*** Opening of Excerpted data ***

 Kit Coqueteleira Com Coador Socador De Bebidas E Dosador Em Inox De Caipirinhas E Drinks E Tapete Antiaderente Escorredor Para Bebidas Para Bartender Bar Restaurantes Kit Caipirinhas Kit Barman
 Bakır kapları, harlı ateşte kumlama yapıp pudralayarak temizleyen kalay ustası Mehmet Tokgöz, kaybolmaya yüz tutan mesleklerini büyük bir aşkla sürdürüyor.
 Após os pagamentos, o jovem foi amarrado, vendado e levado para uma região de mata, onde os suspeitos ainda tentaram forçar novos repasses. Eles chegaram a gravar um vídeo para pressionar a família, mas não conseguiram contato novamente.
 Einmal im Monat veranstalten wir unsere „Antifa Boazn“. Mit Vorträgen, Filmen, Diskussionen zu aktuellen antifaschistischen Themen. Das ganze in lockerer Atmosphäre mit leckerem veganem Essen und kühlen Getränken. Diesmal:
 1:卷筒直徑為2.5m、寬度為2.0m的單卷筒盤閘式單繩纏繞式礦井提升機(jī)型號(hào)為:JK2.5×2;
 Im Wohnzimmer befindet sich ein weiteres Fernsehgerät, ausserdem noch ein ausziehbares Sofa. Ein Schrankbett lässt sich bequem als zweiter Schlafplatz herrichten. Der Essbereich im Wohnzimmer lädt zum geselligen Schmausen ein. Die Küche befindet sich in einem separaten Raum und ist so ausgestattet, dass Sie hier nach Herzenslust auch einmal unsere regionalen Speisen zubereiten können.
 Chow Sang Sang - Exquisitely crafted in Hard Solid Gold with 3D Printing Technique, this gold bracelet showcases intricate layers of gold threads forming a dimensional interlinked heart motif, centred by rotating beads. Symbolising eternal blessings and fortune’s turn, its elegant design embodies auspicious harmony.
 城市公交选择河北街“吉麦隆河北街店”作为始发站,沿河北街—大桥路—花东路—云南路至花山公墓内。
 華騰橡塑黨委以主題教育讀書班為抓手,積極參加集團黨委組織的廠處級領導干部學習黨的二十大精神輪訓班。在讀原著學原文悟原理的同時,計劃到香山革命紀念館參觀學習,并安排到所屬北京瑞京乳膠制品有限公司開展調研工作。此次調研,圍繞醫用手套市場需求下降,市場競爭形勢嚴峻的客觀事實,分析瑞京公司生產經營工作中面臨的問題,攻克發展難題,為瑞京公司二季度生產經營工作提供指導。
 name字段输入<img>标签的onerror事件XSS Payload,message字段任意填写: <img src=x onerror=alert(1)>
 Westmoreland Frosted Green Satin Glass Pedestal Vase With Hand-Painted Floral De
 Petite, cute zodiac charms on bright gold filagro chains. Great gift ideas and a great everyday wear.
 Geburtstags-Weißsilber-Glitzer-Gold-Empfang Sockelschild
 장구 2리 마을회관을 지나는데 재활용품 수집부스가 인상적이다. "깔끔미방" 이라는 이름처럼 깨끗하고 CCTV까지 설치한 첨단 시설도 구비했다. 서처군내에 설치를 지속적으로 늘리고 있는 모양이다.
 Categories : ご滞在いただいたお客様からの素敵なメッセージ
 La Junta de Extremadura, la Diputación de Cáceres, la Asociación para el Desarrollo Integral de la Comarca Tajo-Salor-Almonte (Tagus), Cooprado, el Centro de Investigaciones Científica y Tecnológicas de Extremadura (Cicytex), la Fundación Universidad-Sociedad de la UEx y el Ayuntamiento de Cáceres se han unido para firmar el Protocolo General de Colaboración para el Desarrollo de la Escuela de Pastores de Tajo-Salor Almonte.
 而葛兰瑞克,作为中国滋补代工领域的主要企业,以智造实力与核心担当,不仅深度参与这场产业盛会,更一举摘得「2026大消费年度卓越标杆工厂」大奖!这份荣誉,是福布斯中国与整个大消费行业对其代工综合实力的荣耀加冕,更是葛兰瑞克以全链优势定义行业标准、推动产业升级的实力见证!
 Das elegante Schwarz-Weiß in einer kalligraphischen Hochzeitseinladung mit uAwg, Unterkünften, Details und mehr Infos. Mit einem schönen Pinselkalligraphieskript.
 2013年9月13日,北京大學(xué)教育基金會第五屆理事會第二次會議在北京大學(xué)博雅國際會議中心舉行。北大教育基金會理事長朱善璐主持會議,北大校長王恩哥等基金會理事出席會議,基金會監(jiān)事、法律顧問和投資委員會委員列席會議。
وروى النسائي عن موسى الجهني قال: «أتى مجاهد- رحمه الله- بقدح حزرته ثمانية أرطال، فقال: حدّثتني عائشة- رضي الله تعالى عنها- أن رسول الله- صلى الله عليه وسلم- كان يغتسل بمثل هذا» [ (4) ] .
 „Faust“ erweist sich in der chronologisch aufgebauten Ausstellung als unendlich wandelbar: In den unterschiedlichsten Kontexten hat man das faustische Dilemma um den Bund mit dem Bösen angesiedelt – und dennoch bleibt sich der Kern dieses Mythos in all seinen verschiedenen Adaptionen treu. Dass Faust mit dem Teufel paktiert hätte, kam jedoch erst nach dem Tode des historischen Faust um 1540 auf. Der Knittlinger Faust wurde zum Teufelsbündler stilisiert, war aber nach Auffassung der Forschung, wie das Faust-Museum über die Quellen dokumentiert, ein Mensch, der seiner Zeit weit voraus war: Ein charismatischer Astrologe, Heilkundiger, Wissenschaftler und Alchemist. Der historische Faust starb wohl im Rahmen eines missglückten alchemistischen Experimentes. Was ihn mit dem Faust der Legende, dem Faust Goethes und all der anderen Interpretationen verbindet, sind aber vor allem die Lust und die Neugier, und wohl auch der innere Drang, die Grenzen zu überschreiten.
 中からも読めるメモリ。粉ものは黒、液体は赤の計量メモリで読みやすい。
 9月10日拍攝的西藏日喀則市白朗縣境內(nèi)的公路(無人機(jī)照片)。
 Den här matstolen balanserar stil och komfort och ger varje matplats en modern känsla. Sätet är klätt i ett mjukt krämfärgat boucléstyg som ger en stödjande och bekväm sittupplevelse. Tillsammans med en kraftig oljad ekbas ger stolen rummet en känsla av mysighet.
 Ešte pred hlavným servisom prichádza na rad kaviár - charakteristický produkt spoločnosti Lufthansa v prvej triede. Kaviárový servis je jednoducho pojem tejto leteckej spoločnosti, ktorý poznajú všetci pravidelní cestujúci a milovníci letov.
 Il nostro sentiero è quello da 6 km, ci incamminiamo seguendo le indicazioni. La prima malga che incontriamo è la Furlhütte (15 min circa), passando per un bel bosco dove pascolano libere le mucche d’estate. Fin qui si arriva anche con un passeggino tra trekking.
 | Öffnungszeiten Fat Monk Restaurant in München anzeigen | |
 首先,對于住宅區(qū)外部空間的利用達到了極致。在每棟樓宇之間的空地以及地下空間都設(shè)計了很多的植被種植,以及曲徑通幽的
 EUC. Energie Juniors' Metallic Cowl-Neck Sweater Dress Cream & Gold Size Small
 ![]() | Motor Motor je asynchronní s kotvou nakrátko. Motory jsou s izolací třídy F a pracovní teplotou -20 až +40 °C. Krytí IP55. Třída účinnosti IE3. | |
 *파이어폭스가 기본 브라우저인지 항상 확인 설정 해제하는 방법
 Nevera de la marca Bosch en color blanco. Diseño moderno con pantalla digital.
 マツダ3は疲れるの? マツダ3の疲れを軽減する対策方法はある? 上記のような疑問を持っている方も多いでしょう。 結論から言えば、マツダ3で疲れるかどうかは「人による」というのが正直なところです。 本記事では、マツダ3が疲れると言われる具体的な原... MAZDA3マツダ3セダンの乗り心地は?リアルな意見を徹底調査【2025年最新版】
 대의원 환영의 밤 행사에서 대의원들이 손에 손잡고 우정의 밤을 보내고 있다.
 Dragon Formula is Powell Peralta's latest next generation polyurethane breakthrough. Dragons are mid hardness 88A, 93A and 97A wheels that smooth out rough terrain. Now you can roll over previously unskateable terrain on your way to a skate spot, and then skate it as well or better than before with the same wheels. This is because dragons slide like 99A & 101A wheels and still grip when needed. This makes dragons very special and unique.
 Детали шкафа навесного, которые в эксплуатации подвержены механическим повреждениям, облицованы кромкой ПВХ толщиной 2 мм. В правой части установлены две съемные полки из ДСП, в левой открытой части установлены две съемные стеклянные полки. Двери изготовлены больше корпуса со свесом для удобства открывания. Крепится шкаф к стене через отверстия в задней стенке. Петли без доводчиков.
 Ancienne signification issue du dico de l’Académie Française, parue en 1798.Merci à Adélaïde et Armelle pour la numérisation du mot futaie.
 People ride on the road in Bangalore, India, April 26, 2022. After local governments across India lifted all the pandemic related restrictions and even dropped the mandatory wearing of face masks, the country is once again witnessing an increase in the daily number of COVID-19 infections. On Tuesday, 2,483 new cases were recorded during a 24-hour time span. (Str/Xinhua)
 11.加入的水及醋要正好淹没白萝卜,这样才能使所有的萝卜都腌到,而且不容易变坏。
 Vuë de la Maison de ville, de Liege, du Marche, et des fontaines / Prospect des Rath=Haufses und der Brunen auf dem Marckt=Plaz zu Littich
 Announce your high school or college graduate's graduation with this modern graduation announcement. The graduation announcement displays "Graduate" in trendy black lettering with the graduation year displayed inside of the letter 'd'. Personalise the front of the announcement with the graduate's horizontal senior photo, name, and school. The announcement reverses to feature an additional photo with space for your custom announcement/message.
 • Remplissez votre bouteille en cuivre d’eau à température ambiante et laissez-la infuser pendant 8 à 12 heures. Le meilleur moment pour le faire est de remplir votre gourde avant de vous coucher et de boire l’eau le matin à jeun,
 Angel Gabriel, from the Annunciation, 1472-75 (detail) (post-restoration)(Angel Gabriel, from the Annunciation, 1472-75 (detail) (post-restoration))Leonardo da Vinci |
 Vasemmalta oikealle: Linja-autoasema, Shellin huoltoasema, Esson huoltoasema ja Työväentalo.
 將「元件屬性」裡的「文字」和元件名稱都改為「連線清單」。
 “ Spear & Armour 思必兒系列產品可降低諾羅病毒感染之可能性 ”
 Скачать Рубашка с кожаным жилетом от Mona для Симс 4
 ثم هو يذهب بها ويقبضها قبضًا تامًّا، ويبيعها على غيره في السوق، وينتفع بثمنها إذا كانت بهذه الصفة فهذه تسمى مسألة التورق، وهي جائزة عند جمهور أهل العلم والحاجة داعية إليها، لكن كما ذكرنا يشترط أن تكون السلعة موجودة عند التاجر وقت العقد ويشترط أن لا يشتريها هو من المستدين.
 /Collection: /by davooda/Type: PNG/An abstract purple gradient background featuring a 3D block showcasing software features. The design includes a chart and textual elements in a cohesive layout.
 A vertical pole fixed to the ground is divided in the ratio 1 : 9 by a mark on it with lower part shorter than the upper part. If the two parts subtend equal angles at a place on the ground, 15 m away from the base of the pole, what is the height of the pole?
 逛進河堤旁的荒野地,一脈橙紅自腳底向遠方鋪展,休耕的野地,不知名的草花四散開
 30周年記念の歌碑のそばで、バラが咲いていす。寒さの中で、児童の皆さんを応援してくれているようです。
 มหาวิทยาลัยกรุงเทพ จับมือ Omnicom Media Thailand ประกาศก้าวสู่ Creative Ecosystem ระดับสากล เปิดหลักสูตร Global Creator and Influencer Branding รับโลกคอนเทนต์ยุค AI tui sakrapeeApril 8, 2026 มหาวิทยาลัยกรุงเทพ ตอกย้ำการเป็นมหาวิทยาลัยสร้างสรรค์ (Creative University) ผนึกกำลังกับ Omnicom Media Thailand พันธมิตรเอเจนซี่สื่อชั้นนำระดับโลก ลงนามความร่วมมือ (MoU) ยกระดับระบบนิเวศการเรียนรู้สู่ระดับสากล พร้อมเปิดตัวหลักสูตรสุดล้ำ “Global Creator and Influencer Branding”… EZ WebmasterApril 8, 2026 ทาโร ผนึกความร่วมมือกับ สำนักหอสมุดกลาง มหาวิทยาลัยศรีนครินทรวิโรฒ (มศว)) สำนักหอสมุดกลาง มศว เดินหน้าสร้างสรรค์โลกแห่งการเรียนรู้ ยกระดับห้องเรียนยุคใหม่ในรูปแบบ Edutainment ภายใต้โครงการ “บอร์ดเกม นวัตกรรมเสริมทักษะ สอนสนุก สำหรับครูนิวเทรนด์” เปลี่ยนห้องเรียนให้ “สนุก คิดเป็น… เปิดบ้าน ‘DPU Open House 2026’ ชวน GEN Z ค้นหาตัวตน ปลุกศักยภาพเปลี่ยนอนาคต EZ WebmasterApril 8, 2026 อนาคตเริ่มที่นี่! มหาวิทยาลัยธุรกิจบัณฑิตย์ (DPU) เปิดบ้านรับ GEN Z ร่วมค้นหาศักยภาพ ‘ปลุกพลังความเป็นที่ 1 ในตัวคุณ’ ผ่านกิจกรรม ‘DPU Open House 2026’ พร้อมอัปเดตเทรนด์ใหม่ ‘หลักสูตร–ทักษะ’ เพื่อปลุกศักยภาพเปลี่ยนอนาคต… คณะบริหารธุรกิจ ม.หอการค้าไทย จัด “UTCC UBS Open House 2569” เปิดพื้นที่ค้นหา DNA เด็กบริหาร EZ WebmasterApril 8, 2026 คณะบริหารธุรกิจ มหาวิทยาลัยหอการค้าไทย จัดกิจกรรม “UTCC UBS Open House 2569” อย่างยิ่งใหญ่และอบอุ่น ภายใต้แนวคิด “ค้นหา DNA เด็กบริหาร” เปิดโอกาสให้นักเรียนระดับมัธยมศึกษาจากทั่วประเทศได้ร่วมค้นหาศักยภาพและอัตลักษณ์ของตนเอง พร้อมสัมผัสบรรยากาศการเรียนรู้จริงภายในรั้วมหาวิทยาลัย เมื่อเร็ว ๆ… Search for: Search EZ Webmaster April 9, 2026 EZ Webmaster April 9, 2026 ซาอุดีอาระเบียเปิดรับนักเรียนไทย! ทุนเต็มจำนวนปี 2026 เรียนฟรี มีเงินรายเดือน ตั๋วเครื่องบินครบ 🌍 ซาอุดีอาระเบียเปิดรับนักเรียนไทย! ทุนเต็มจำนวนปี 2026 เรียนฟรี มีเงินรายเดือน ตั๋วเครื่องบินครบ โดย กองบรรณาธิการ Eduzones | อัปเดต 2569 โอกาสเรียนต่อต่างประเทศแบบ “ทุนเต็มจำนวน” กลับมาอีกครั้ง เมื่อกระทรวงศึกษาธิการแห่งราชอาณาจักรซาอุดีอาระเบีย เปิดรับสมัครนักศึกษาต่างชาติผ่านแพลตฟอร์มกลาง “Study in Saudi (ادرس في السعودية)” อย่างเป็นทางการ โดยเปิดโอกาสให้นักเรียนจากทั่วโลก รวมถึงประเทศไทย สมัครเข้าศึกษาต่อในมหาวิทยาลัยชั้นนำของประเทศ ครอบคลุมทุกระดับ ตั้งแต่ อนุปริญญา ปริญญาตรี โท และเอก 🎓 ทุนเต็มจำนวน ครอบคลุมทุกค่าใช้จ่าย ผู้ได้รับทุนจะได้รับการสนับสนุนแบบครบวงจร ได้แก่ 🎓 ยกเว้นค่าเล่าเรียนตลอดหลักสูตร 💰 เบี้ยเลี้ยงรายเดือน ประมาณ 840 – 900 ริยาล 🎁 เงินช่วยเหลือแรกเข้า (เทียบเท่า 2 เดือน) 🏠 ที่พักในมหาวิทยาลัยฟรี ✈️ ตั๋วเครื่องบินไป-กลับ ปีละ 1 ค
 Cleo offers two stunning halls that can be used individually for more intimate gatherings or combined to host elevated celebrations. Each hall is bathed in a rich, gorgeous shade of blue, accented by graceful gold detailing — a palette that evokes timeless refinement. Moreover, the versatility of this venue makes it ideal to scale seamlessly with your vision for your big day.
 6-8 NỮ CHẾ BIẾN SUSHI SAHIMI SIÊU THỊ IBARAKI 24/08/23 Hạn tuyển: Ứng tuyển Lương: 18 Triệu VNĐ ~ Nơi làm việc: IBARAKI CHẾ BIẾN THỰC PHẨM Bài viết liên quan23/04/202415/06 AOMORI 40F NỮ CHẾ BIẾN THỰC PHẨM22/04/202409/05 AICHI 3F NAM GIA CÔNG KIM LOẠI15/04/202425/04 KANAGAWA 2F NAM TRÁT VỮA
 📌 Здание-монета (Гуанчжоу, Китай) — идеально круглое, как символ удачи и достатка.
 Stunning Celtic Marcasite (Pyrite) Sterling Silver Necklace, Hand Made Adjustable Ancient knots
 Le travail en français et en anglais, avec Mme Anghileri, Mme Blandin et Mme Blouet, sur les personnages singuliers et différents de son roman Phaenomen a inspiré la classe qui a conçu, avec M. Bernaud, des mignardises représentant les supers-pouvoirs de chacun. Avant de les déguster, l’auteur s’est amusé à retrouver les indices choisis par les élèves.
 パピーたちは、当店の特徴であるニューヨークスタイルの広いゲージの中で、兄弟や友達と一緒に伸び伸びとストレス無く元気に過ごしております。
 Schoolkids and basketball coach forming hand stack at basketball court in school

*** Close of Excerpted data ***

◆ Description of the task
Only the lines above from the one with "anzeigen | |" through the one with "EUC. Energie Juniors'" should be duplicated, character for character.

◆ Output of the exercise
 | Öffnungszeiten Fat Monk Restaurant in München anzeigen | |
 首先,對于住宅區(qū)外部空間的利用達到了極致。在每棟樓宇之間的空地以及地下空間都設(shè)計了很多的植被種植,以及曲徑通幽的
 EUC. Energie Juniors' Metallic Cowl-Neck Sweater Dress Cream & Gold Size Small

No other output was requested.